É formada em património mas é na agricultura e no cultivo sustentável de plantas aromáticas que ocupa a maior parte do seu tempo profissional. Fá-lo em modo biológico, sem nunca sacrificar o que, pessoalmente, lhe dá mais alegrias e satisfações: o tempo de qualidade que passa com o marido, filho e amigos. Alvito recebe bem e tem muita vida social. Eis o seu testemunho.
“Gosto de sensibilizar as pessoas para as muitas coisas boas que temos no nosso território”
Chamo-me Rita Valente, tenho 37 anos, e nasci em Vila Verde de Ficalho, uma terra no Alentejo, perto de Espanha. Vim parar a Alvito por motivos profissionais. Estava a trabalhar na área do património e vim morar para esta zona em 2012. Primeiro para uma terreola aqui perto, mas desde 2015 que nos estabelecemos aqui em Alvito, mesmo no centro da vila.
A vila em si é muito bonita, é muito aprazível estar em Alvito. E depois é uma terra que está central no Alentejo. Temos o comboio, estamos a uma hora e meia de Lisboa, estamos a meia hora de Évora, a meia hora de Beja, a hora e meia do Algarve. Portanto, para nós esta localização é boa, porque num instantinho chegamos a qualquer sítio.
Eu gosto muito de ser do Alentejo, de estar no Alentejo, de estar aqui em Alvito.

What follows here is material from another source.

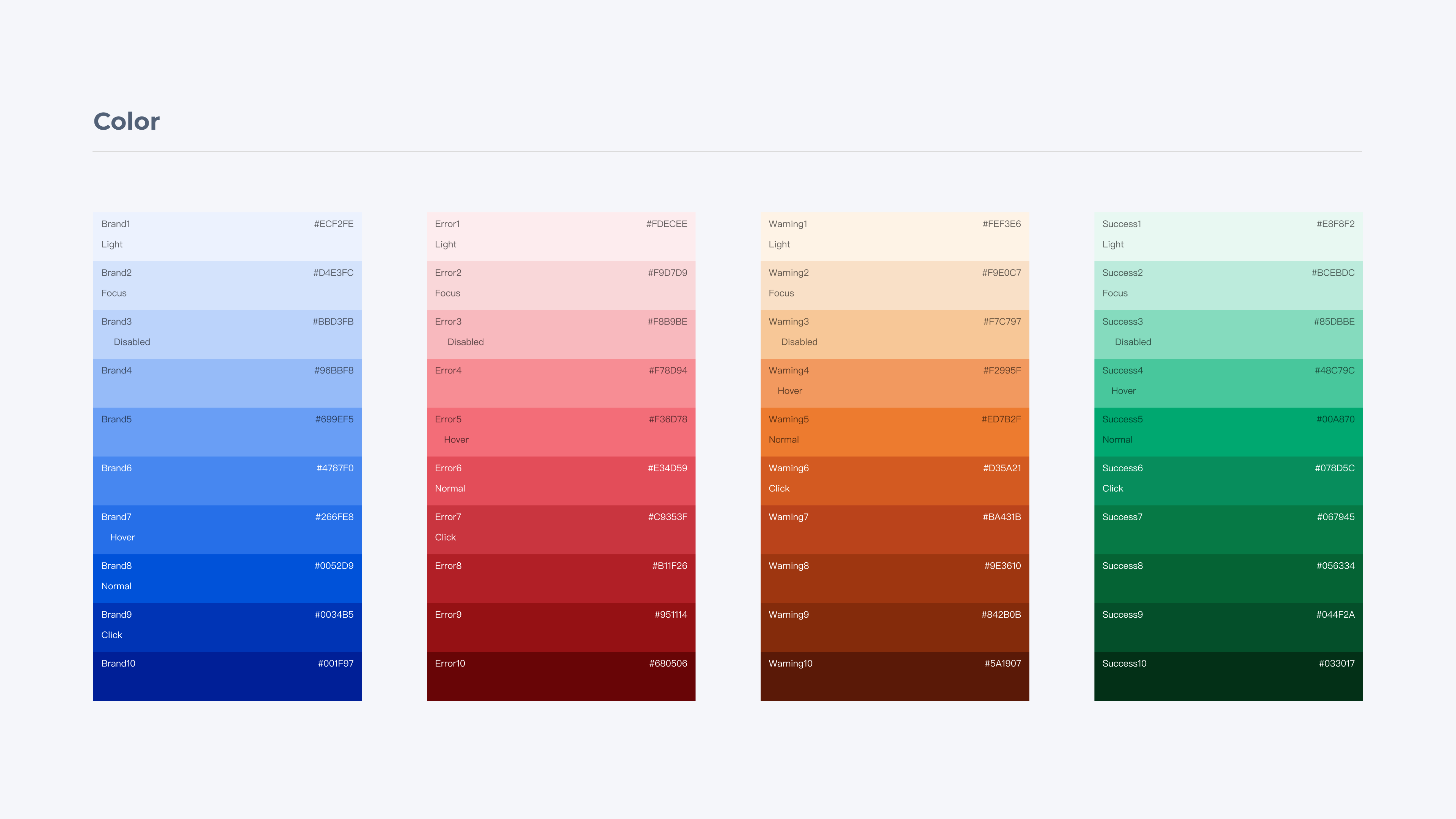 颜色样式同上述方式一样,罗列出在产品中使用的颜色,并对其进行分类和命名。

O melhor de viver por aqui é o dia que rende sempre muito mais do que em qualquer outro sítio. Parece que o tempo estica. E esta comunidade abraça quem vem de fora. Eu senti-me bem recebida. Mais até em Vila Nova da Baronia, onde são muito mais abertos, do que aqui a Alvito, onde parece que são um pouco mais fechados. Diz-se que como aqui foi terra dos primeiros barões de Portugal, Alvito era a terra dos ricos e a Vila da Baronia era a terra dos trabalhadores. Então em Alvito as pessoas parece que têm assim alguma importância, e na Baronia são mais afáveis (risos).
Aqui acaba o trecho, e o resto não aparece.